• _Source data_
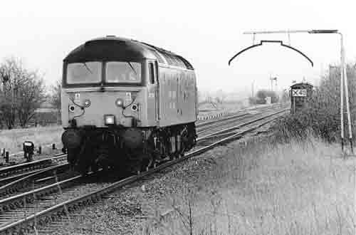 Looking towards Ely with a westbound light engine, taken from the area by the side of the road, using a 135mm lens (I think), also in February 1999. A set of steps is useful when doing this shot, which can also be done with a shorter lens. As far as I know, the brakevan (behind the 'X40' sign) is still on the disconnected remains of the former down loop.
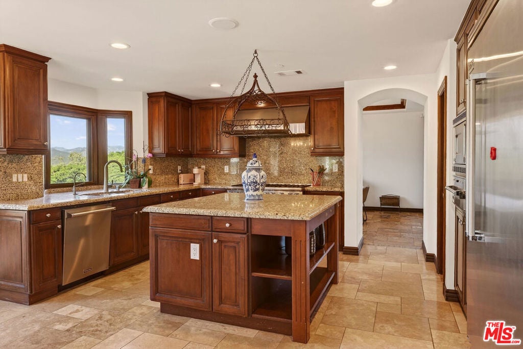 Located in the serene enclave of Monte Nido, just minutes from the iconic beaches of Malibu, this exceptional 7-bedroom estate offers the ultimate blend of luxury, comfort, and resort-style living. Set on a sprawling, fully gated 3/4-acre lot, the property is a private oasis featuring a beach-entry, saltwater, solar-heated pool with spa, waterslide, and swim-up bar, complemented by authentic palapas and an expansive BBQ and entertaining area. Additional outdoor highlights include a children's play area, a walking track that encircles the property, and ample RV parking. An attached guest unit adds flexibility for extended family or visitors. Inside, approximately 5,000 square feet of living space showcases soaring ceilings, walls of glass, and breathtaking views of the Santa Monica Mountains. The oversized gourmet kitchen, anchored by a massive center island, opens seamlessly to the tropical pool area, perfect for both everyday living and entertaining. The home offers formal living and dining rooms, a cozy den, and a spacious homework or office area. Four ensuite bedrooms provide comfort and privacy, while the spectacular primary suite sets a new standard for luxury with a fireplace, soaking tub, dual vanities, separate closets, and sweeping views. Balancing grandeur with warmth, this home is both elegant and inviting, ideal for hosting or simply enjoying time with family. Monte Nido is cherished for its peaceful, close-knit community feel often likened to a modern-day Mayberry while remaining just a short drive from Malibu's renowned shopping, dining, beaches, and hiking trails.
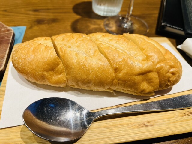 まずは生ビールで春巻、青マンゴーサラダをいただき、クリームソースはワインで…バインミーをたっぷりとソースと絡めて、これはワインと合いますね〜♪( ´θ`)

---

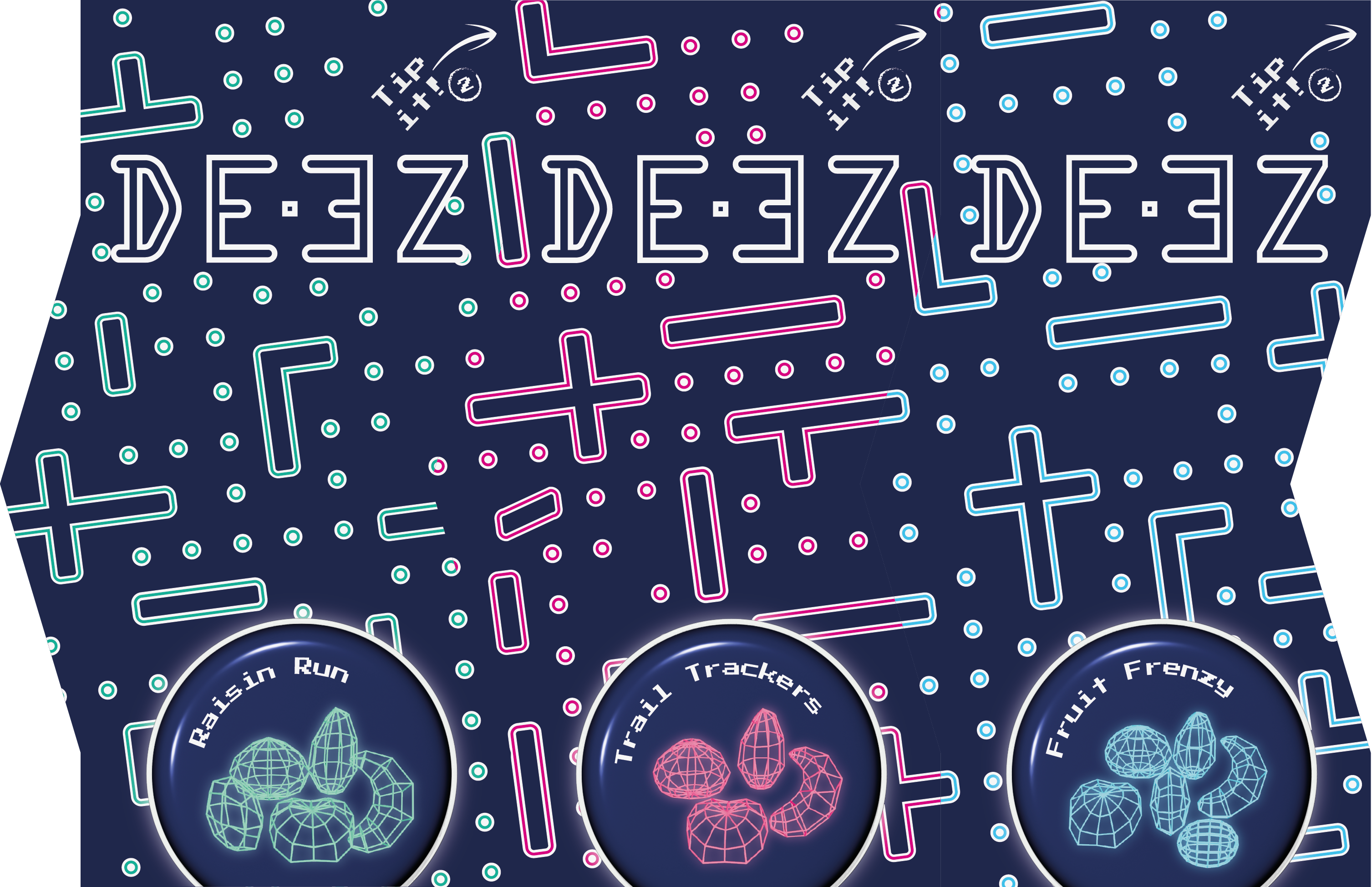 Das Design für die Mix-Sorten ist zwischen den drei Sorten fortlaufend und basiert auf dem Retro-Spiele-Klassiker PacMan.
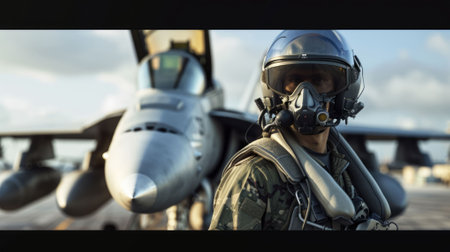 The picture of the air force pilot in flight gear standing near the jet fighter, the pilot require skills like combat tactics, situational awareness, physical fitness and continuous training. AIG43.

---

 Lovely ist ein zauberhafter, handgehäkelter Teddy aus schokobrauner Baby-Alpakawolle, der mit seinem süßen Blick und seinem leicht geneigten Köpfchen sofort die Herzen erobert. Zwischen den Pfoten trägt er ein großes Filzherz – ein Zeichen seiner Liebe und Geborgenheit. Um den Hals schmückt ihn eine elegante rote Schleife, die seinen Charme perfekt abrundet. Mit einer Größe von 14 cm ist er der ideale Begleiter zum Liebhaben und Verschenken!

• _Exercise requirements_
A word-for-word reproduction is needed of the lines above from the line containing "Located in the" through the line containing "まずは生ビールで春巻、青マン", with both ends kept and no pictures.

• _Finished exercise_
 Located in the serene enclave of Monte Nido, just minutes from the iconic beaches of Malibu, this exceptional 7-bedroom estate offers the ultimate blend of luxury, comfort, and resort-style living. Set on a sprawling, fully gated 3/4-acre lot, the property is a private oasis featuring a beach-entry, saltwater, solar-heated pool with spa, waterslide, and swim-up bar, complemented by authentic palapas and an expansive BBQ and entertaining area. Additional outdoor highlights include a children's play area, a walking track that encircles the property, and ample RV parking. An attached guest unit adds flexibility for extended family or visitors. Inside, approximately 5,000 square feet of living space showcases soaring ceilings, walls of glass, and breathtaking views of the Santa Monica Mountains. The oversized gourmet kitchen, anchored by a massive center island, opens seamlessly to the tropical pool area, perfect for both everyday living and entertaining. The home offers formal living and dining rooms, a cozy den, and a spacious homework or office area. Four ensuite bedrooms provide comfort and privacy, while the spectacular primary suite sets a new standard for luxury with a fireplace, soaking tub, dual vanities, separate closets, and sweeping views. Balancing grandeur with warmth, this home is both elegant and inviting, ideal for hosting or simply enjoying time with family. Monte Nido is cherished for its peaceful, close-knit community feel often likened to a modern-day Mayberry while remaining just a short drive from Malibu's renowned shopping, dining, beaches, and hiking trails.
 まずは生ビールで春巻、青マンゴーサラダをいただき、クリームソースはワインで…バインミーをたっぷりとソースと絡めて、これはワインと合いますね〜♪( ´θ`)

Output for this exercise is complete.